ACTION ITEM | If pictures appear among the lines below, leave them out while you return exactly the lines from the one with "Note: If colleague" through the one with "달서구노인종합복지관은 지난 17일".

Entries taken from a collection |

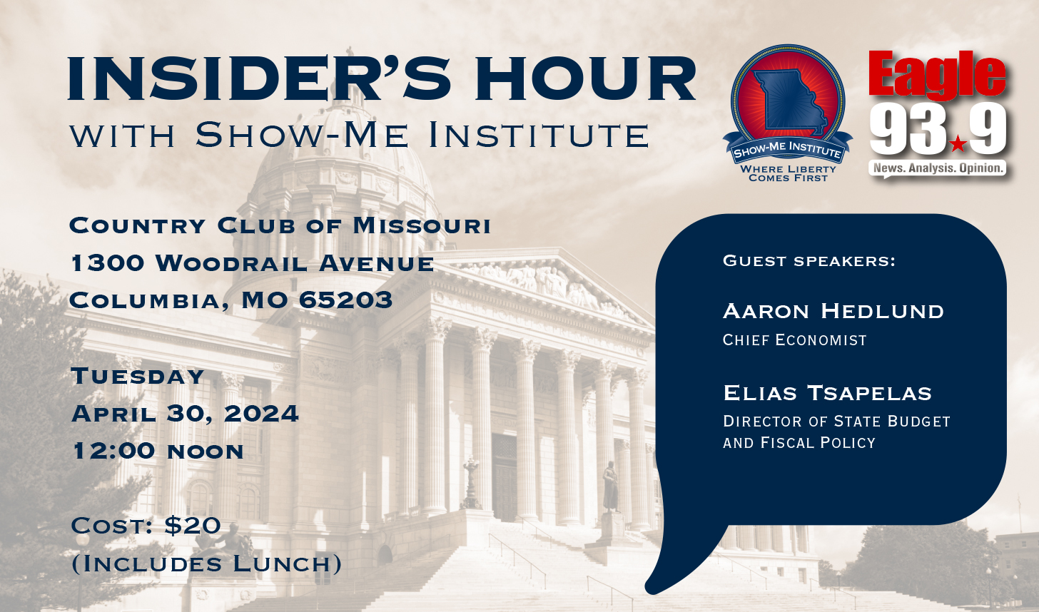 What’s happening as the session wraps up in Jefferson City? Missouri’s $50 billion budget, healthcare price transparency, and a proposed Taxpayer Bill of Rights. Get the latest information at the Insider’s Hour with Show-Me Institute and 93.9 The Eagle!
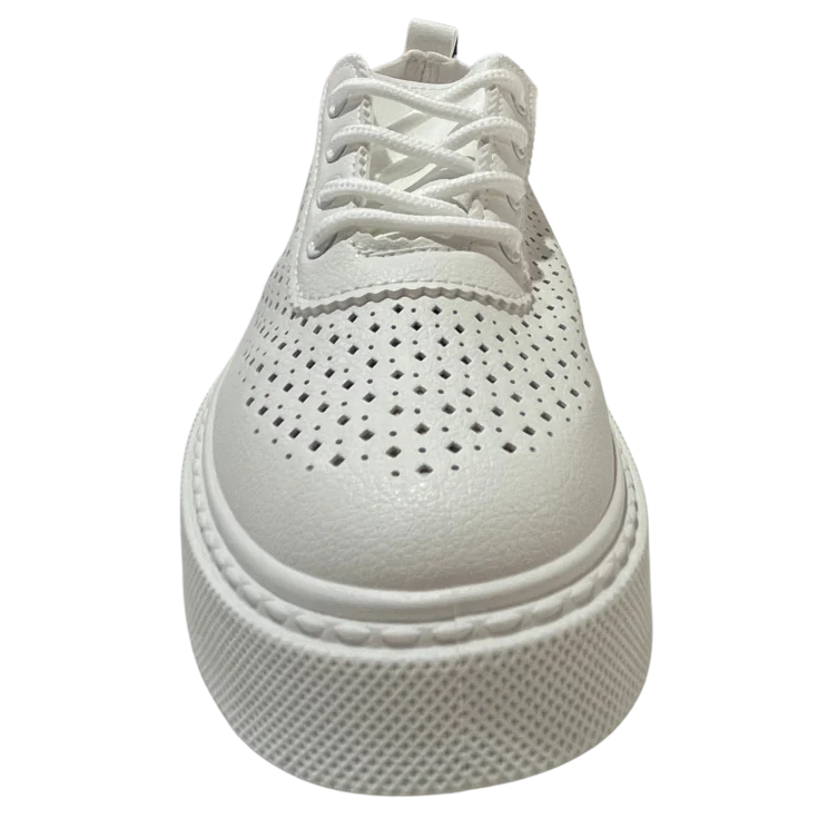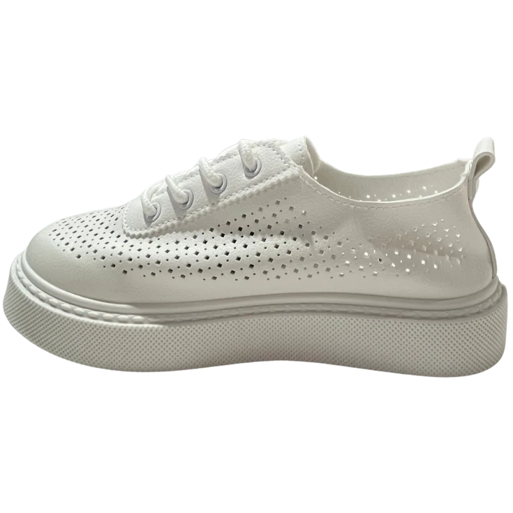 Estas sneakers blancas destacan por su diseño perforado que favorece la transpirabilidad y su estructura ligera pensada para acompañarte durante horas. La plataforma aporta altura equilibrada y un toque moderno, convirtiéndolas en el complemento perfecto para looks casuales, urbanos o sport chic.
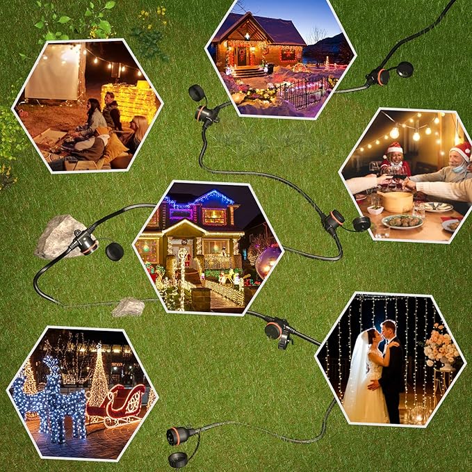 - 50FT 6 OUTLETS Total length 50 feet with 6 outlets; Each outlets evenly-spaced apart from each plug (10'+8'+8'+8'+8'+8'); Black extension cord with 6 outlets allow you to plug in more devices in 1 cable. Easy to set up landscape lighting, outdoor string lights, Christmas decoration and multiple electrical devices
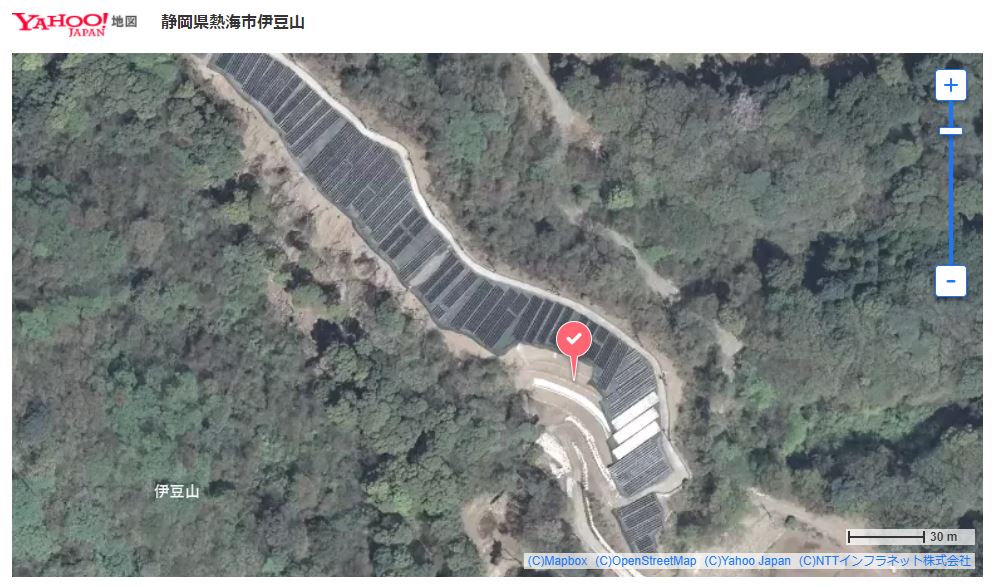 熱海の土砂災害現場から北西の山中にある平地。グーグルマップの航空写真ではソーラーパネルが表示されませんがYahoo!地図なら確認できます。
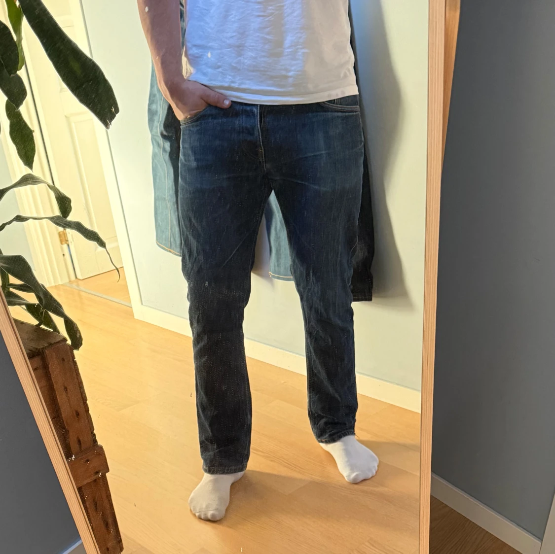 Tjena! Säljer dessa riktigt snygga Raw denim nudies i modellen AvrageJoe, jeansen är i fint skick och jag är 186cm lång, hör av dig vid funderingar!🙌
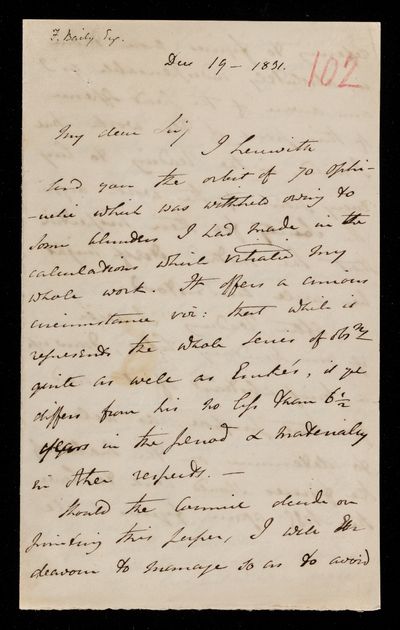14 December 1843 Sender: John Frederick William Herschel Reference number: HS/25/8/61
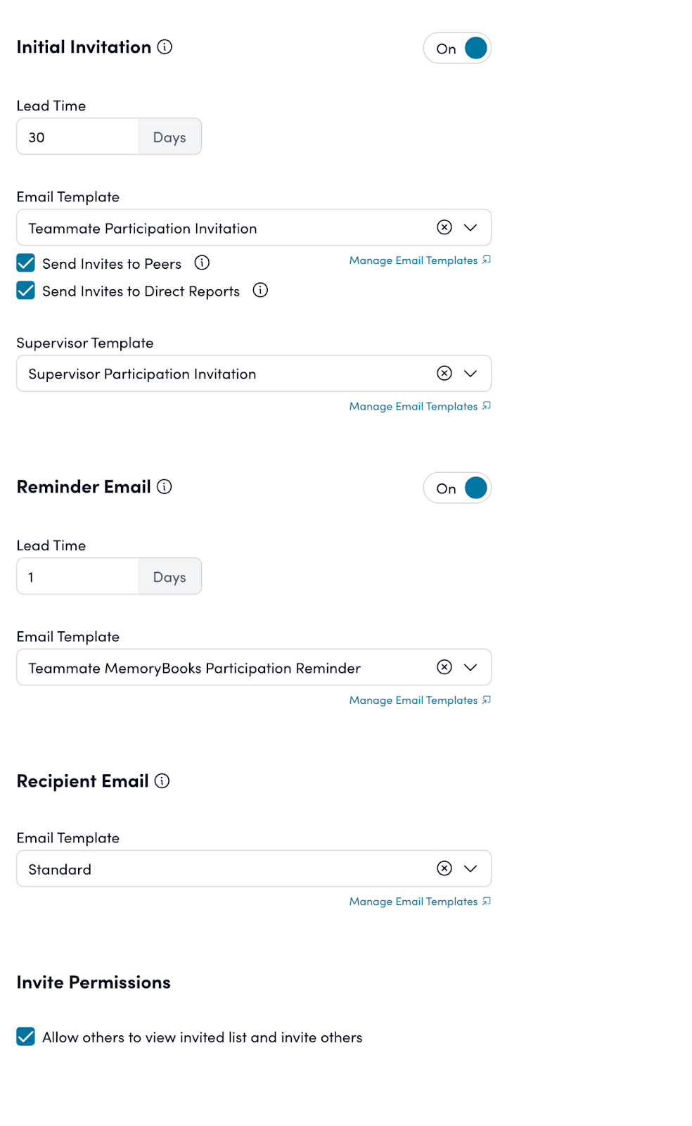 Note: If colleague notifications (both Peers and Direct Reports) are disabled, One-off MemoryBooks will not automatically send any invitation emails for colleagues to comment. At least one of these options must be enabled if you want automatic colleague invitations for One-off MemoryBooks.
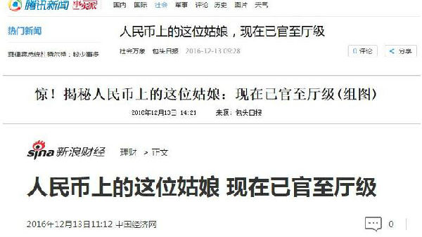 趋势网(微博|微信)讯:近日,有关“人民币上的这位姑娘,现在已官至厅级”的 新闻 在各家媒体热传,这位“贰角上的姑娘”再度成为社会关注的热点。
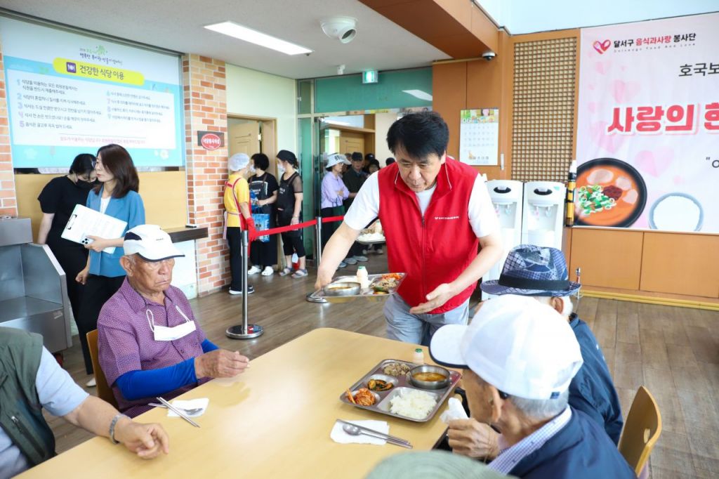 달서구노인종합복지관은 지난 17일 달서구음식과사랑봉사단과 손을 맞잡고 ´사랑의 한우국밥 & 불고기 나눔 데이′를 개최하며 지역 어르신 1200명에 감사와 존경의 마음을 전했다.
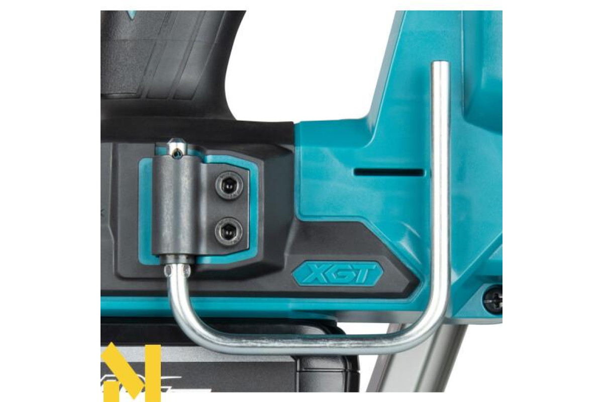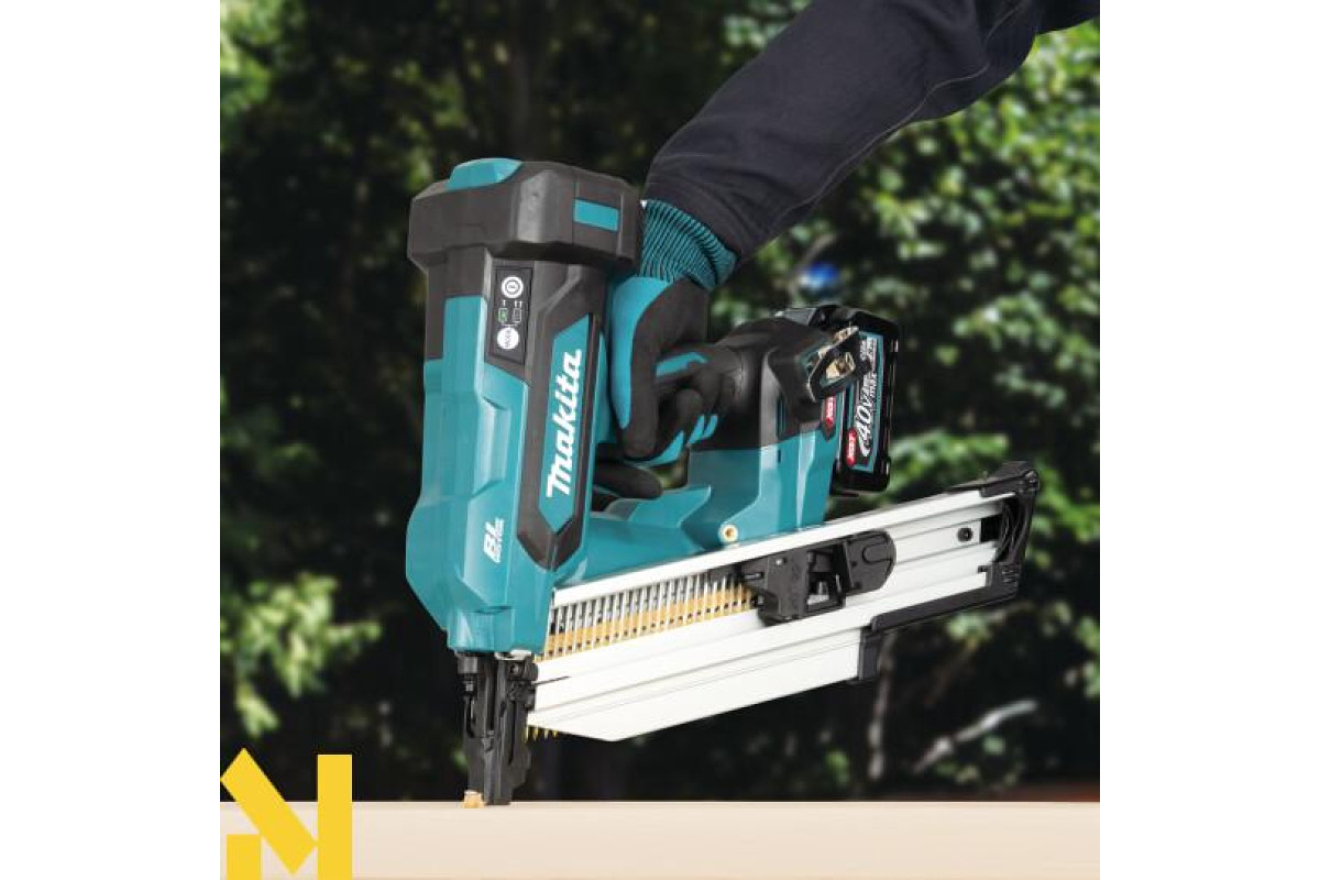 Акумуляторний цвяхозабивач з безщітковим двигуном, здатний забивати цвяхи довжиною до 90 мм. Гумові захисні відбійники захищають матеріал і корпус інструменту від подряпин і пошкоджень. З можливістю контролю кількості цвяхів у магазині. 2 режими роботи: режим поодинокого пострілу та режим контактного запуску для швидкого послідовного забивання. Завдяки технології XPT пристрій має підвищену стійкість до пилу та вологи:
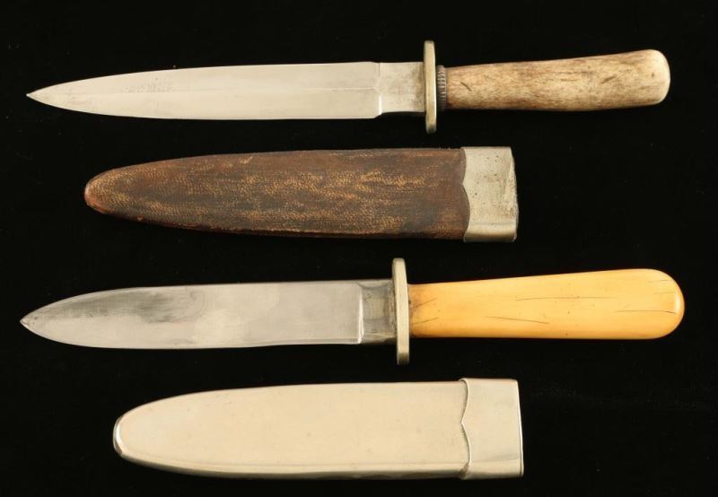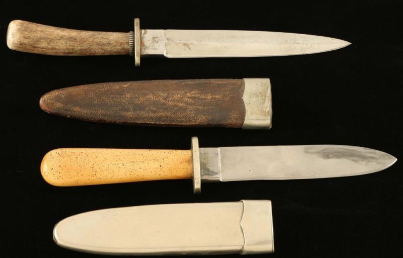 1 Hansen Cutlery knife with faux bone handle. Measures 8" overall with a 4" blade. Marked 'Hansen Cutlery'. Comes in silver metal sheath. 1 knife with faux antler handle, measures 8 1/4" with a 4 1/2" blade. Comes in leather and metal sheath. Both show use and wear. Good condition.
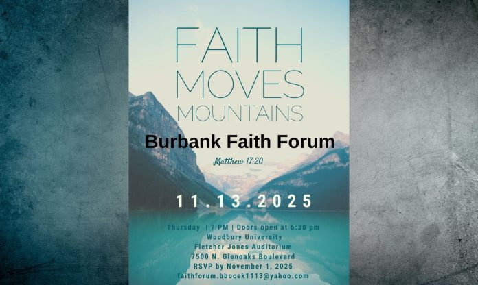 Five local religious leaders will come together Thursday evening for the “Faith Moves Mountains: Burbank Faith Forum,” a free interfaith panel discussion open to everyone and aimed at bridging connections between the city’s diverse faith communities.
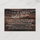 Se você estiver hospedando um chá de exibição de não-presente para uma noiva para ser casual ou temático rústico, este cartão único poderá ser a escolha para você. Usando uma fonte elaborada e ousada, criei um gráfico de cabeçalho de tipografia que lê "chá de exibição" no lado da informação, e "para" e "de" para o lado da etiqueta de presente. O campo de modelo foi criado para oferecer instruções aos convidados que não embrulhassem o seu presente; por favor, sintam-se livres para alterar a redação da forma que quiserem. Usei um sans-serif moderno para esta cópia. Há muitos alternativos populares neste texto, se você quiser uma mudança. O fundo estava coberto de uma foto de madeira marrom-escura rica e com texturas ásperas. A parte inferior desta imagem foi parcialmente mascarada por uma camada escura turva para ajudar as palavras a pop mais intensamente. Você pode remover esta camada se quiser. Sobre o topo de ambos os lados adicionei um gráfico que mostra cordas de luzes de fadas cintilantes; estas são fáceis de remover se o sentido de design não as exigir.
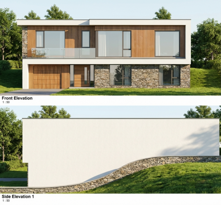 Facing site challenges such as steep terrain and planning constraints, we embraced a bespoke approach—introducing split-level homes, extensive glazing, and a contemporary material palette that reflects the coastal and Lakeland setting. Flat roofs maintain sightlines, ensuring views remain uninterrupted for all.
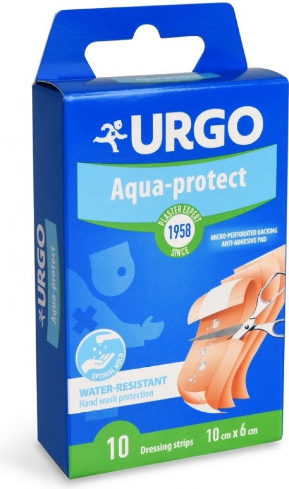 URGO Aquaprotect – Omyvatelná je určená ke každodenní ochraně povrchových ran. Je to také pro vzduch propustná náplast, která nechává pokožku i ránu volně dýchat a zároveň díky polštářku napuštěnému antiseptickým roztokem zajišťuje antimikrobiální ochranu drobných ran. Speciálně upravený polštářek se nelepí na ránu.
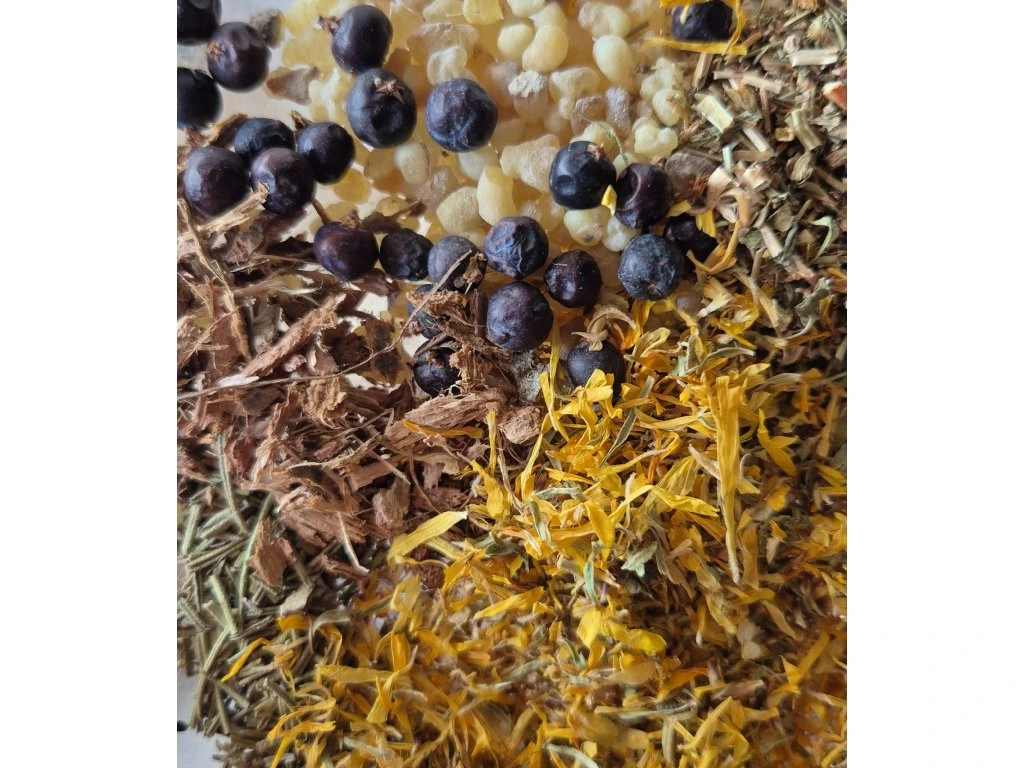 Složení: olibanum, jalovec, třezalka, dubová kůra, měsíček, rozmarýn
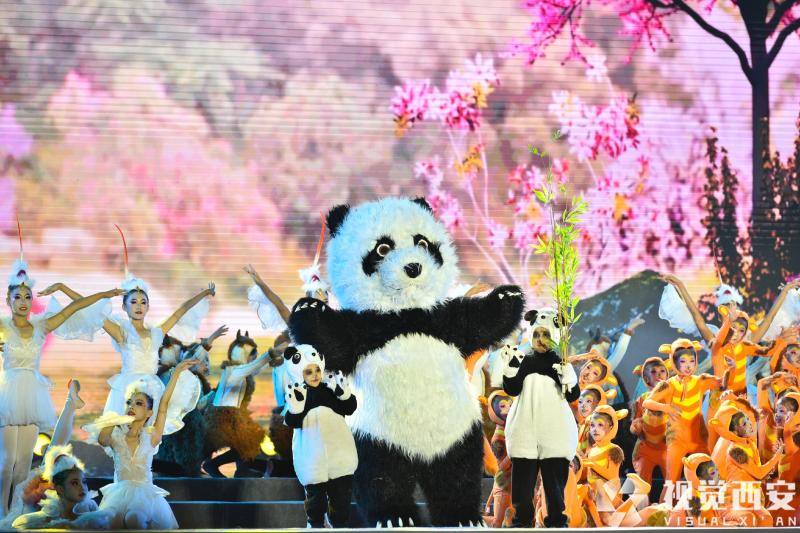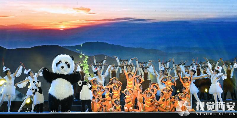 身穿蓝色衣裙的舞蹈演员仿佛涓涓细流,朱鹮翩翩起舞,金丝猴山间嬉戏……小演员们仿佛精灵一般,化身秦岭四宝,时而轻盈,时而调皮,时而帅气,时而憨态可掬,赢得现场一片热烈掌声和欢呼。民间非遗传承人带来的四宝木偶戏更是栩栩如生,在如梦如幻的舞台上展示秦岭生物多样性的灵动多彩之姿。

ANSWER TO THE EXERCISE |
 Note: If colleague notifications (both Peers and Direct Reports) are disabled, One-off MemoryBooks will not automatically send any invitation emails for colleagues to comment. At least one of these options must be enabled if you want automatic colleague invitations for One-off MemoryBooks.
 趋势网(微博|微信)讯:近日,有关“人民币上的这位姑娘,现在已官至厅级”的 新闻 在各家媒体热传,这位“贰角上的姑娘”再度成为社会关注的热点。
 달서구노인종합복지관은 지난 17일 달서구음식과사랑봉사단과 손을 맞잡고 ´사랑의 한우국밥 & 불고기 나눔 데이′를 개최하며 지역 어르신 1200명에 감사와 존경의 마음을 전했다.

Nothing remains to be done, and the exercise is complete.